→ **What you are asked to do**: In the entries below, begin at the line with "公司员工参加镇第四届全民运动会在阳光伙伴比赛中" and stop after the line with "QX10 Smartklokke med"; output those lines exactly and omit the pictures.

→ **Listed records**:
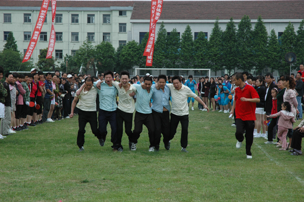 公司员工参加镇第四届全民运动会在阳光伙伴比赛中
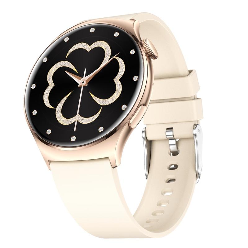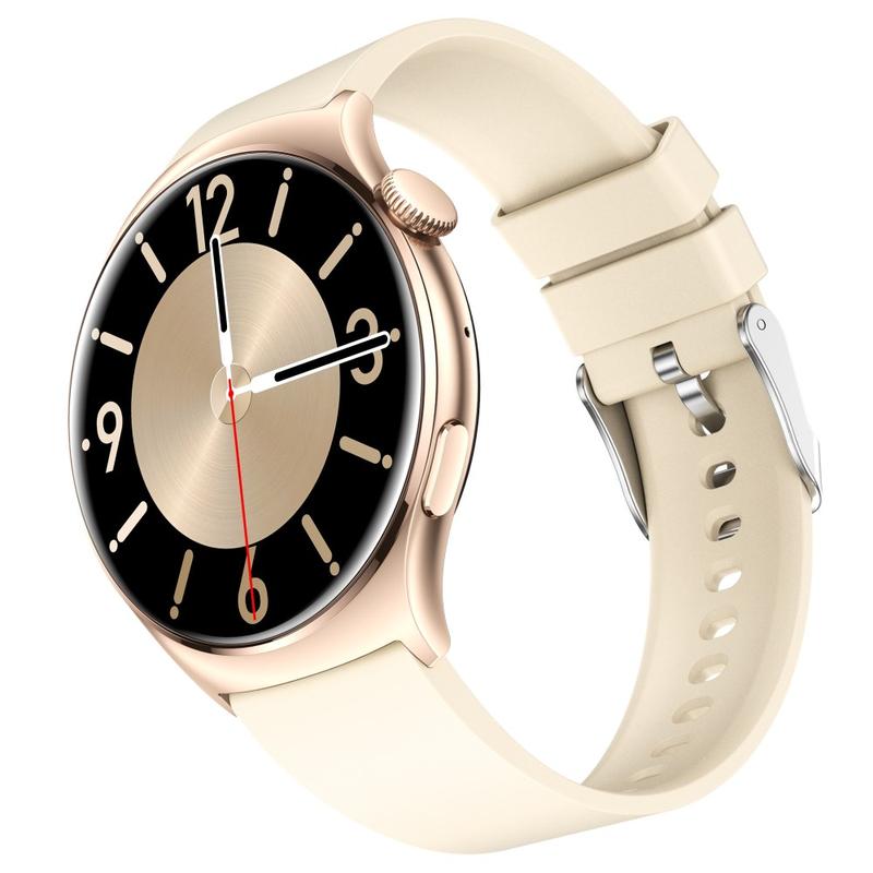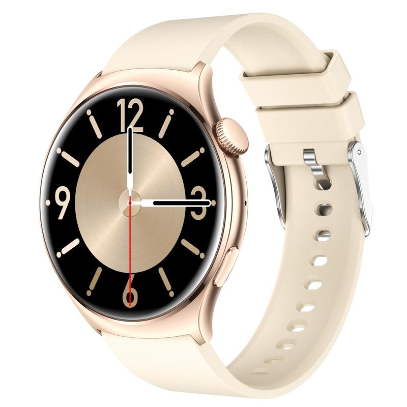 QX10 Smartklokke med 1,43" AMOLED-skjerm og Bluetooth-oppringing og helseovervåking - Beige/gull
--
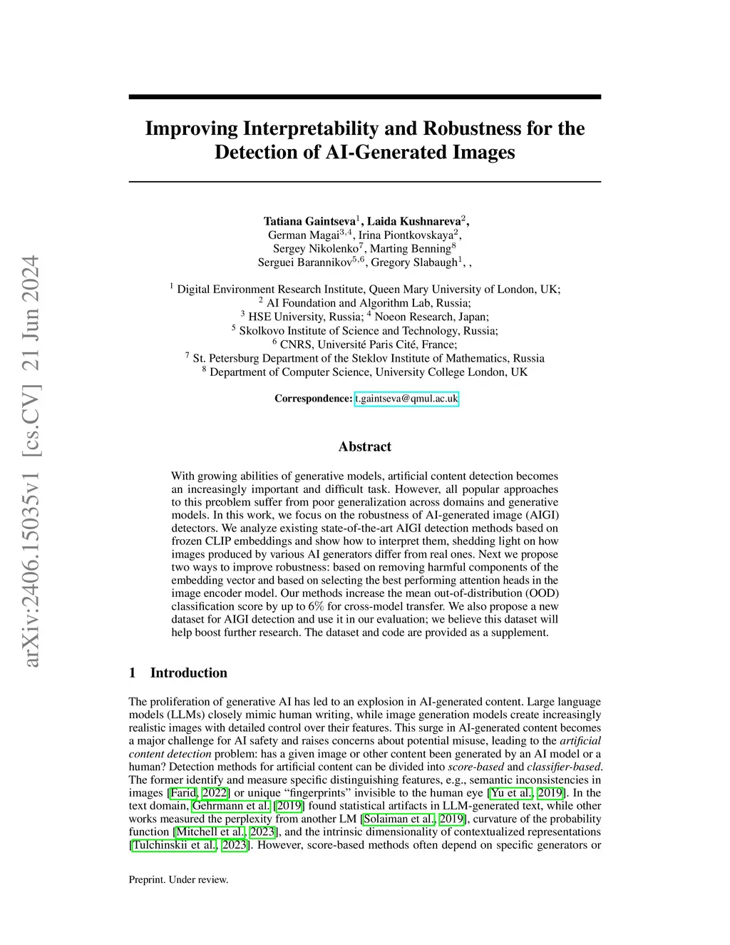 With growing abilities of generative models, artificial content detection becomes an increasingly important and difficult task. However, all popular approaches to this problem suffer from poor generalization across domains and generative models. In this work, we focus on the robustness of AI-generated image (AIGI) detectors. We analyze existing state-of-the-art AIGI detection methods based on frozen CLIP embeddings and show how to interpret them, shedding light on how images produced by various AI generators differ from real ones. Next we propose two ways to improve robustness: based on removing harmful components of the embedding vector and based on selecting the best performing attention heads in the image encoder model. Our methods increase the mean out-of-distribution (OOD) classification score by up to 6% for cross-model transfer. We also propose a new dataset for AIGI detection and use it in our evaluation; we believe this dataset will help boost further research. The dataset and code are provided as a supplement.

→ **Solution below**:
 公司员工参加镇第四届全民运动会在阳光伙伴比赛中
 QX10 Smartklokke med 1,43" AMOLED-skjerm og Bluetooth-oppringing og helseovervåking - Beige/gull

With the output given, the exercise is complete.